If there is no punishment , Then the slope of the best fit line becomes steeper , That means it's good for X More sensitive to subtle changes in . By introducing punishment , Best fit line pairs X It becomes less sensitive . Back of the ridge return .
Lasso Return to
Lasso Return to , Also known as L1 Regularization , And Ridge Return to similar . The only difference is , The penalty is calculated using the absolute value of the slope .
Logical regression
Logistic Regression is a classification technique , You can also find “ The most suitable straight line ”. however , Unlike linear regression , In linear regression , Use the least square to find the best fit line , Logistic regression uses maximum likelihood to find the best fit line ( The logic curve ). This is because y Value can only be 1 or 0. watch StatQuest In the video , Learn how to calculate the maximum likelihood .

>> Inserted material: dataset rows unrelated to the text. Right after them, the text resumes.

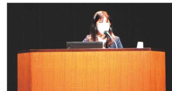
子育て支援課 大和係長

全体を通して、新任委員を含めこれから主任児童委員活動を行う上での参考となる研修でした。
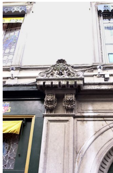
Façade principale, détail de la porte
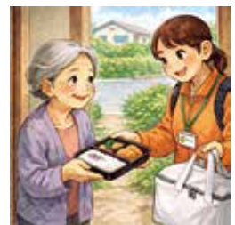
見守り配食のイメージ
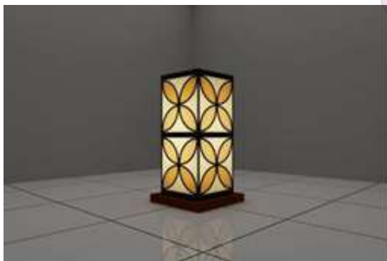
Gambar 07. Contoh desain table lamp minimalis, warna oranye, motif kawung batik tradisional (dok. Penulis)

Koordinasi dilakukan dengan pengrajin terkait dengan implementasi program kegiatan pengabdian masyarakat. Pemilihan waktu agak terjadi kesulitan karena kesibukan mitra kegiatan. Setelah dilakukan beberapa kali komunikasi maka dapat dilaksanakan kegiatan pada bulan Juni.
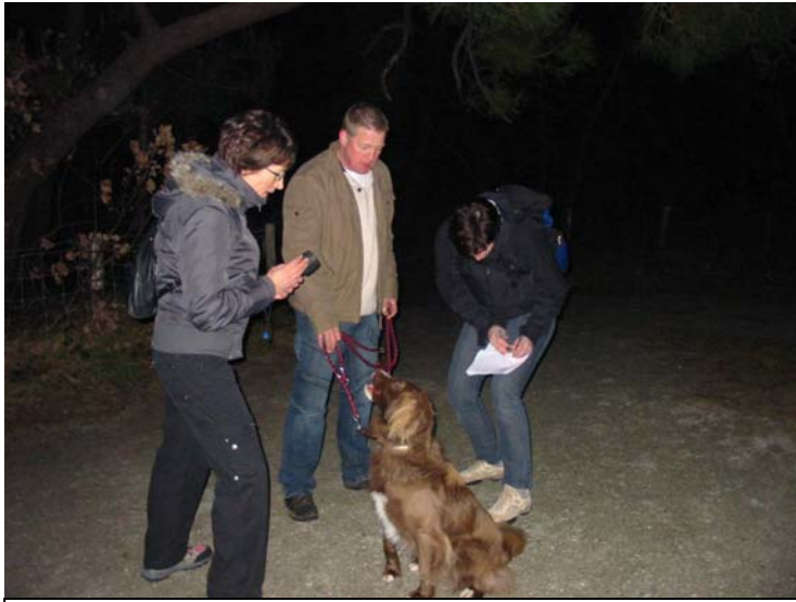
Het winnende team in actie !
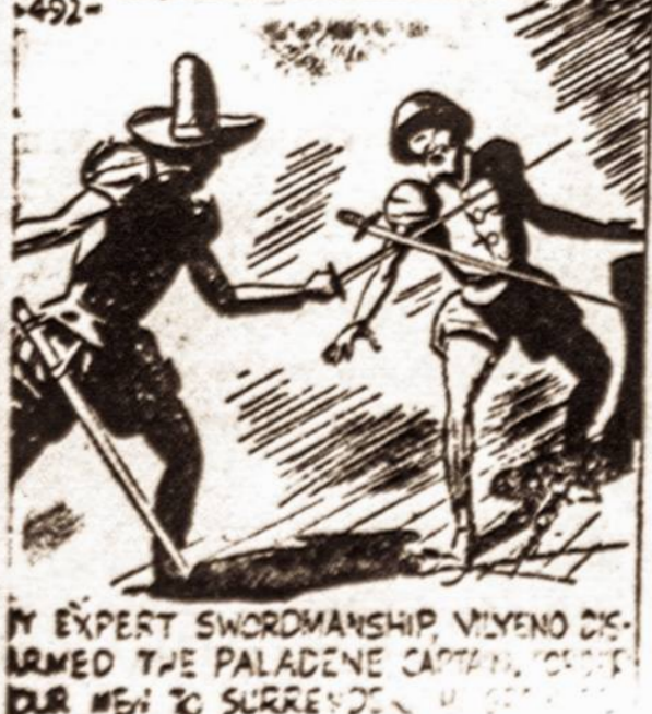
NE EXPECT SWORNMANSHIP VILYNO DEARMED THE PALADENES CAPTAIN. DLR #10 TO SURRENDER.
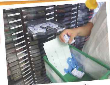
ピッキング作業 (依頼された品物をそろえます)
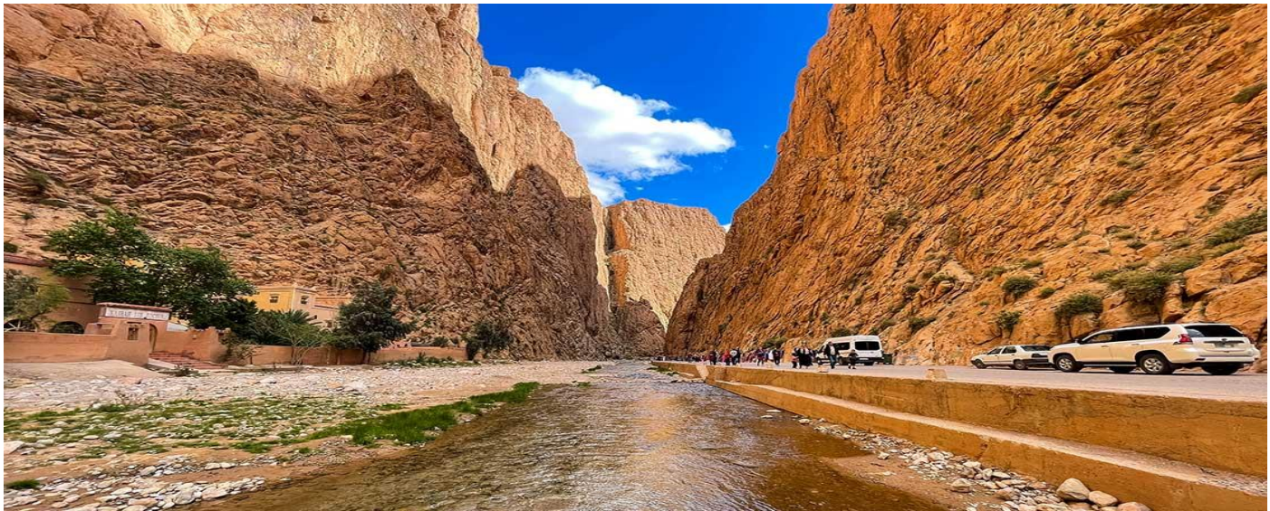
รูปร่างต่างๆ สวยงาม

นำท่านเดินทางสู่เมืองเมอร์ซูก้า (Merzouga) เดินทางข้ามเขา มิเดิล แอตลาส (Middle Atlas) ผ่านเส้นทางความสูง 3,090 เมตร ปกคลุมด้วยหิมะ และต้นสนขนาดใหญ่ ผ่านหุบเขาดาเดดส์ (Dades) หุบเขานี้ได้กลายเป็นสถานที่ท่องเที่ยวที่รู้จักกันในชื่อ ทอดร่าจอร์จ (Todra Gorge) แนวเทือกเขาทางธรรมชาติที่สวยงาม มีหลายรูปร่างแปลกตาซึ่งเป็นแนวเขาและธรรมชาติของหุบเขาที่ถูกกัดกร่อนจากแรงลม ทำให้หุบเขากลายเป็น

The picture was created by the author .
K Nearest neighbor
K Nearest neighbor is a classification technique , Classify the new samples by looking at the nearest classification point , So called “ K lately ”. In the following example , If k = 1, Then unclassified points are classified as blue dots .
The picture was created by the author .
If k The value of is too low , There may be outliers . however , If it's too high , It is possible to ignore classes with only a few samples .
Naive Bayes
Naive Bayes classifier is a classification technique inspired by Bayes theorem , The following equation is stated :
Because of naive assumptions ( Hence the name ), Variables are independent in the case of a given class , So it can be rewritten as follows P(X | y):
Again , Because we have to solve y, therefore P(X) It's a constant , This means that we can remove it from the equation and introduce proportionality .
therefore , Each one y The probability of value is calculated as given y Conditional probability of x n The product of the .
Support vector machine
Support vector machine is a classification technique , We can find the best boundary called hyperplane , This boundary is used to separate different categories . Find hyperplanes by maximizing the margin between classes .
The picture was created by the author .
Decision tree
Decision tree is essentially a series of conditional statements , These conditional statements determine the path taken by the sample before it reaches the bottom . They are intuitive and easy to build , But it's often inaccurate .
Random forests
Random forest is an integrated technology , This means that it combines multiple models into one model to improve its predictive power . say concretely , It uses bootstrap data sets and random subsets of variables ( Also known as bagging ) Thousands of smaller decision trees have been built . With thousands of smaller decision trees , Random forest use “ The majority wins ” Model to determine the value of the target variable .
for example , If we create a decision tree , The third decision tree , It will predict 0. however , If we rely on all 4 A decision tree model , Then the predicted value will be 1. This is the power of random forests .
AdaBoost
AdaBoost It's an enhancement algorithm , Be similar to “ Random forests ”, But there are two important differences :
- AdaBoost It's not usually made up of trees , It's a forest of stumps ( A stump is a tree with only one node and two leaves ).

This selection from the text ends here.